*What you will do*
Retype, without pictures, the line holding "REF-692W3H ---- Natural" and each line below it through the final line.

### Data excerpt

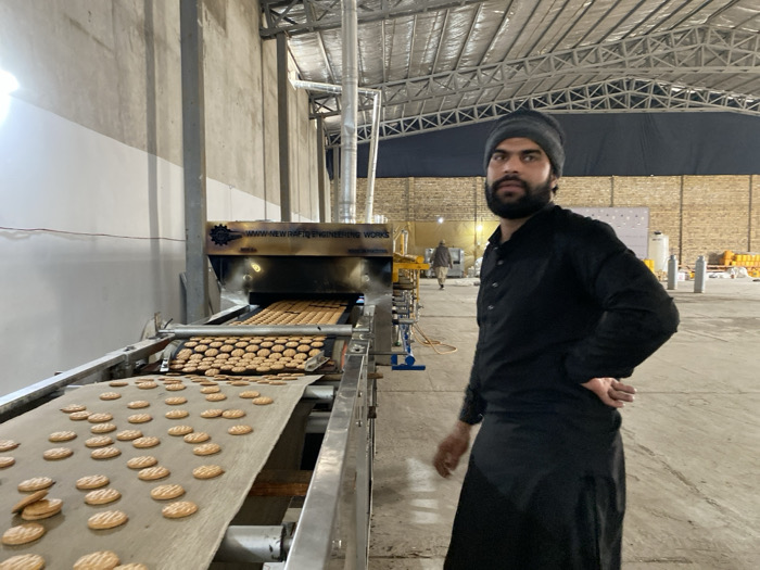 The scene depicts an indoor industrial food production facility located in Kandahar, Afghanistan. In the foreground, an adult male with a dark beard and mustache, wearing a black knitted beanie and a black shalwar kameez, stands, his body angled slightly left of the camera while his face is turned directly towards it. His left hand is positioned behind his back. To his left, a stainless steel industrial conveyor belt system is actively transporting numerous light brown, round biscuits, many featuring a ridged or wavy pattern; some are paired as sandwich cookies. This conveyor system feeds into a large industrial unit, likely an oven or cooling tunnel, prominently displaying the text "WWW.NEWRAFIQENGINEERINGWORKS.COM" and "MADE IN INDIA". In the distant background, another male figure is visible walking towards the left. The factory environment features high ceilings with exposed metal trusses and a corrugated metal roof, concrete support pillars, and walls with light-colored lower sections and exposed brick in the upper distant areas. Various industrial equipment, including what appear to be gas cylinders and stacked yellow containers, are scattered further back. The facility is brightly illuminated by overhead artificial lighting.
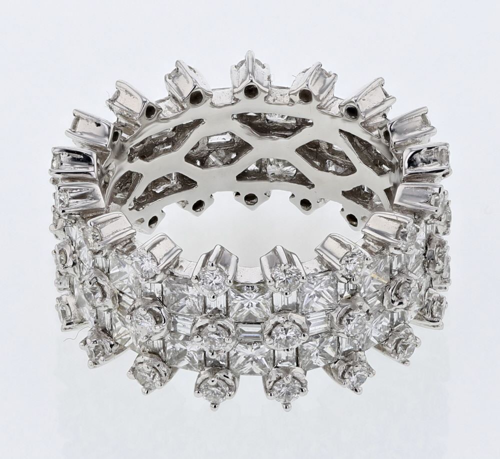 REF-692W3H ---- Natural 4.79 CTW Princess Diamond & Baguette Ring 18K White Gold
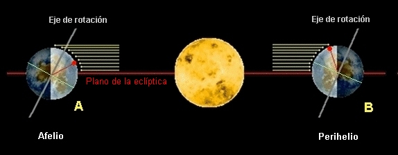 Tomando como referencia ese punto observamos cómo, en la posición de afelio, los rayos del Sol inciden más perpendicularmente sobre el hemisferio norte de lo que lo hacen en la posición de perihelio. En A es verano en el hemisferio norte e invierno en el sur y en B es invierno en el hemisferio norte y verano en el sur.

######

*Result for this exercise*
 REF-692W3H ---- Natural 4.79 CTW Princess Diamond & Baguette Ring 18K White Gold
 Tomando como referencia ese punto observamos cómo, en la posición de afelio, los rayos del Sol inciden más perpendicularmente sobre el hemisferio norte de lo que lo hacen en la posición de perihelio. En A es verano en el hemisferio norte e invierno en el sur y en B es invierno en el hemisferio norte y verano en el sur.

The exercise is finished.